Даже в отношении более серьезных вопросов Правительство едва ли могло чувствовать себя в безопасности. В феврале Слоан из Нью-Джерси внес предложение о перенесении резиденции правительства из Вашингтона в Филадельфию. Палата 2 февраля большинством в шестьдесят восемь голосов против сорока семи согласилась рассмотреть эту резолюцию, за чем последовала дискуссия, доказавшая, насколько далеким от стабильности считалось текущее положение дел. Республиканцы и федералисты одинаково нападали на место, в котором они были обречены жить. Пятнадцать миллионов долларов, говорили они, было потрачено на него без всякого иного результата, кроме доказательства того, что там никогда не сможет существовать город. В один день они задыхались от пыли; в следующий — барахтались в грязи. Климат отличался резкими переменами и пронизывающими ветрами. Члены Конгресса болели и умирали в больших количествах, чем когда-либо прежде, но в случае болезни они не могли найти ни одного врача, кроме как послав за ним на военно-морскую верфь в нескольких милях отсюда. На последней сессии Палата была изгнана из своего старого зала ветром, выбившим стекла. Новый зал, сколь бы великолепным он ни был, не подходил для своих целей; слышать было невозможно; его вентиляция была настолько плохой, что вызвала болезнь Джейкоба Крауниншила, одного из его ведущих членов, находившегося тогда при смерти. Цены на все в Вашингтоне были чрезмерными. Масло стоило пятьдесят центов за фунт; обычная индейка стоила полтора доллара; в Филадельфии члены Конгресса экономили бы сто пятьдесят долларов в день только на найме экипажей. Даже эти возражения были незначительными по сравнению с неудобством управления из глуши, где не существовало никакого аппарата, облегчающего управление. В качестве примера абсурдности такой системы члены указывали на военно-морскую верфь, до которой можно было добраться, лишь следуя изгибам мелкой Потомак, в то время как Военно-морское министерство было вынуждено по экстравагантной цене привозить каждый предмет утвари с побережья, помимо вербовки матросов в торговых портах для каждого корабля, снаряжаемого в Вашингтоне.

Слоан отказался от своего предложения лишь после того, как Палата продемонстрировала сильную склонность к его мнению. По другому пункту расхождение идей стало более заметным, и Джефферсон счел себя вынужденным напрячь свое влияние.

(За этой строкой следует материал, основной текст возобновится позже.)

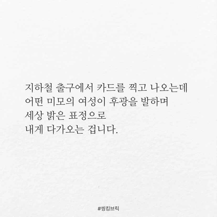 지하철 출구에서 카드를 찍고 나오는데어떤 미모의 여성이 후광을 발하며세상 밝은 표정으로내게 다가오는 겁니다.순간 너무 당황스러워뒷걸음을 쳤는데,,,내 뒤에 그 여성의 모습을 흐뭇하게 지켜보는남친이 있었다는,,,크리스마스 이브같은이야기입니다.
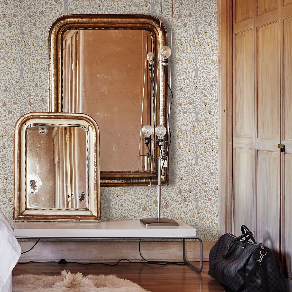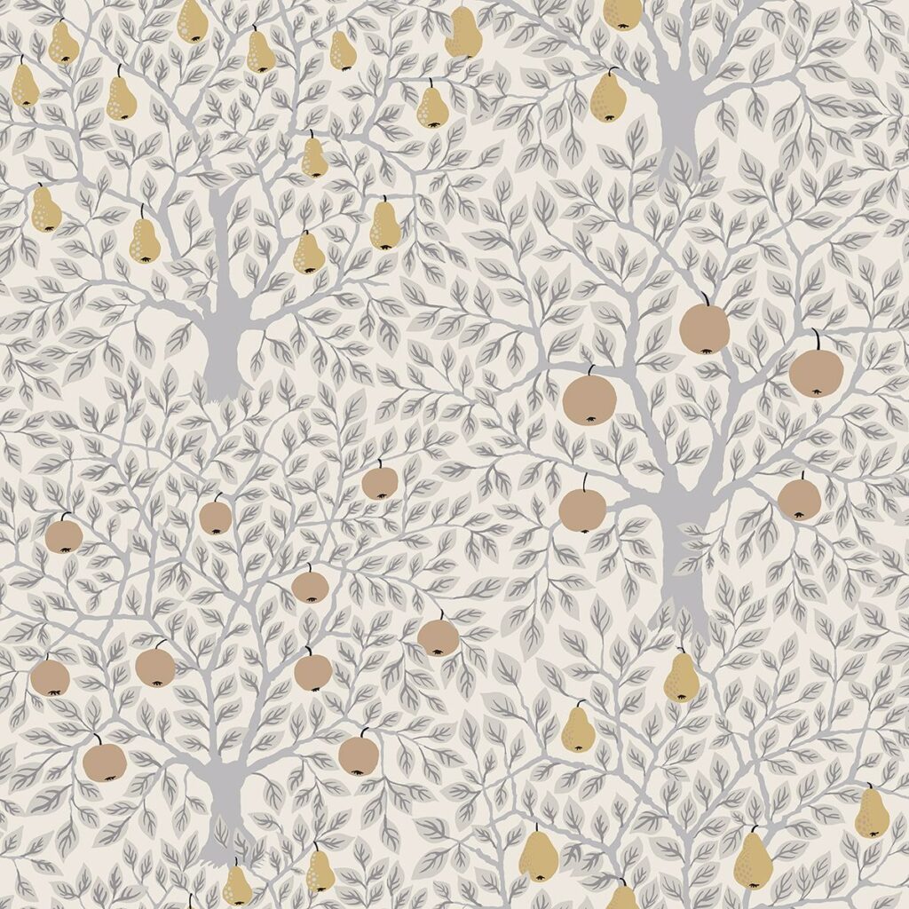 Light grey trees sprawl across an off-white background in this painterly wallpaper. Glimmering gold pears and apples add a touch of glamour to its nature inspired design. Pomona is an unpasted, non woven wallpaper.
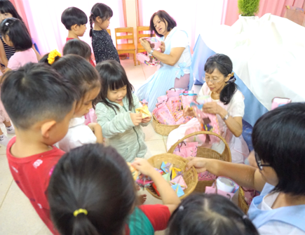 Before school re-opened, we teachers cleaned and washed the toys in the classroom, dyed the hanging and play cloths as well as cleaned the classrooms. The classrooms were clean and fresh to welcome back all the children. We kept all the same settings to cultivate a sense of belonging in the children. However, some children noticed the renovation in my office as the door opens when they pass by.
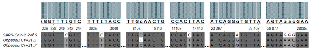 Рис. 7. Фрагменты двух расшифрованных геномов SARS-CoV-2, содержащие замены относительно референсного генома NCBI
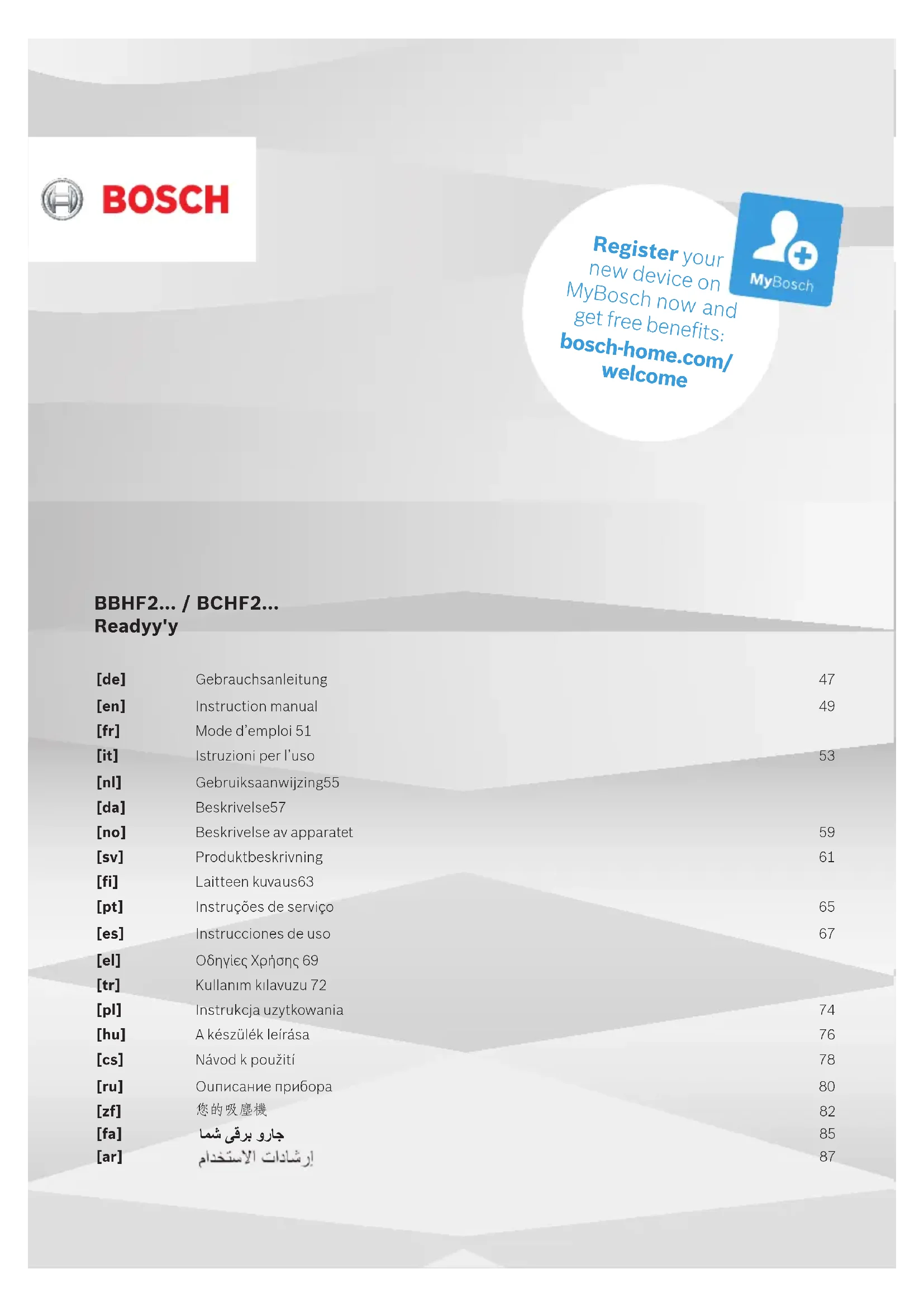 Retrouvez gratuitement la notice de l'appareil BCHF2BST BOSCH au format PDF.

В Республиканской партии любой голос за регулярную армию до сих пор считался преступлением. Федералисты в 1801 году оставили силы в пять тысяч человек; Джефферсон сократил их до трех тысяч. Республиканская партия верила в ополчение, но пренебрегала им. Во всех южных штатах ополчение было недисциплинированным и неоружейным; но в Массачусетсе, как начинал замечать президент Джефферсон, федералисты уделяли много внимания своей солдатчине штата. Форт Соединенных Штатов в Ньюпорте гармонировался лишь козами, а стратегическая линия озера Шамплейн и реки Гудзон, отделявшая Новую Англию от остального Союза, была открыта для врага. Ввиду войны с Англией такое пренебрежение становилось безрассудным. Джефферсон видел, что необходимо собрать армию; но многие из его самых преданных сторонников считали, что полагаться можно только на ополчение, и что риск завоевания извне лучше риска военного деспотизма внутри страны.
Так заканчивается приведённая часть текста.